While powerful, the technology can be challenging to apply: some edits to sites are less effective, with the underlying DNA remaining unchanged.
But it’s a process or trial and error, costing researchers time and money as they search for the best site to manipulate the genome.
New software developed by scientists at CSIRO, Sydney, automatically pinpoints the best target areas for genome editing, improving the process radically.
“So far efforts to address this inefficiency have failed. Our new computer program, TUSCAN, can predict which locations within a cell’s DNA are the best target sites,” says Dr Laurence Wilson.
“We can therefore increase the accuracy by up to 80 per cent and increase speed by up to 1,000-fold.”

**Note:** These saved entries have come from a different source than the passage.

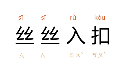 每条丝线都从筘齿中穿过。比喻文章、艺术表演等细密合拍。扣:织绸的筘;丝丝:每一根丝。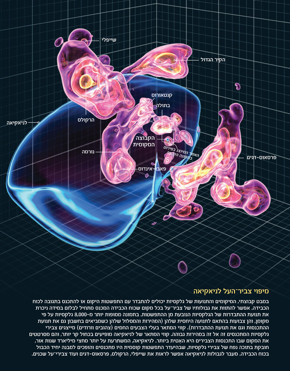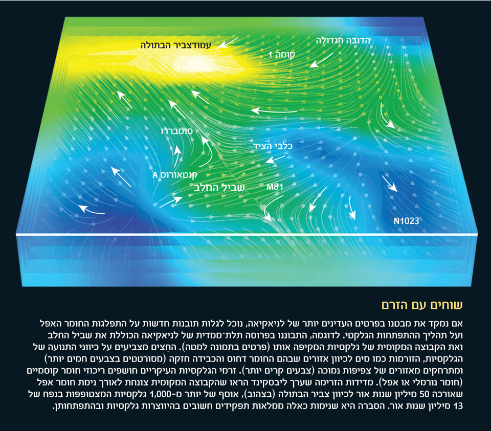 זרמי גלקסיות השוטפים במרחבי החלל חושפים את קווי המתאר של מבנה המכונה לניאקיאה, הכולל את שביל החלב שלנו ועוד כ-100,000 גלקסיות גדולות אחרות.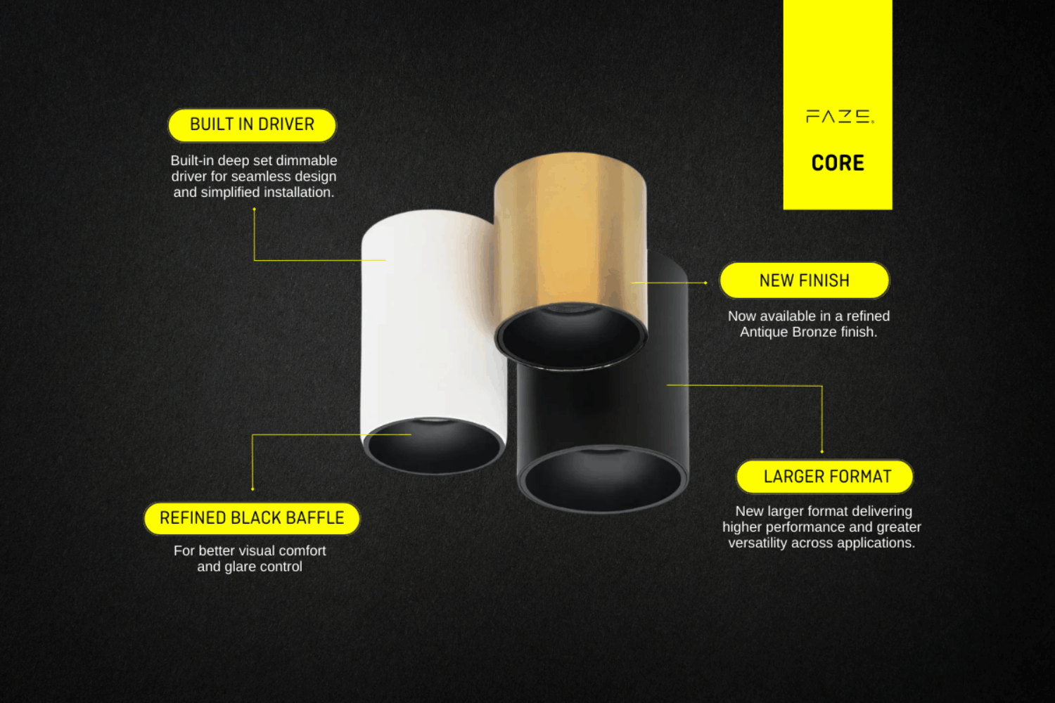The Core Series now introduces a new Antique Bronze finish, while the addition of the Core XL brings increased output and enhanced flexibility to the family with a wider range of size options.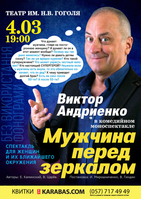 “Мужчина перед зеркалом” — это спектакль для женщин и… их ближайшего окружения. “Мужчина перед зеркалом” — это комедия с элементами ностальгии и… претензией на знание жизни. “Мужчина перед зеркалом” — это ироничный монолог от имени поколения, выросшего в эпоху красных пионерских галстуков и черно-белых отечественных телевизоров. “Мужчина перед зеркалом” — это откровенные признания только для взрослых, вернее, для бывших детей. Главный герой в исполнении Виктора Андриенко даёт, наконец, ответы на “вечные” вопросы: Что думает мужчина, глядя на постороннюю женщину? И думает ли он в этот момент вообще? Почему мы так рано женились? Нужно ли давать детям соску? Чего бояться на встрече одноклассников? Так ли уж вредно курение? Кто такой супермужчина? Что может украсть честный человек? Кто из СУПЕРГЕРОЕВ родился в СССР? Куда делись автоматы с газводой? Неужели если у мужчины есть внуки, то это обязательно означает, что он дед? К чему приводит долгий брак? Есть ли секс после 50-ти? А после 55-ти? Другими словами, всё,

It’s part of CSIRO’s research into genome engineering technologies to fight mosquito-borne viruses, such as malaria—which causes 2.7 million deaths annually.
“To achieve this, CSIRO has developed a suite of computational tools, including TUSCAN, which harness serverless technology to optimise its genome engineering technology,” Laurence says.
“TUSCAN outperforms all current models due to a better understanding of how the experimental data to date can influence future predictions, and by using a machine learning approach that leverages the interactions between sequence features of the ‘guiding’ molecule used by CRISPR, for better predictions,” Laurence says.
To create the software, the team wanted to understand the rules that control how CRISPR works, including the interaction of the guiding molecule and the target DNA.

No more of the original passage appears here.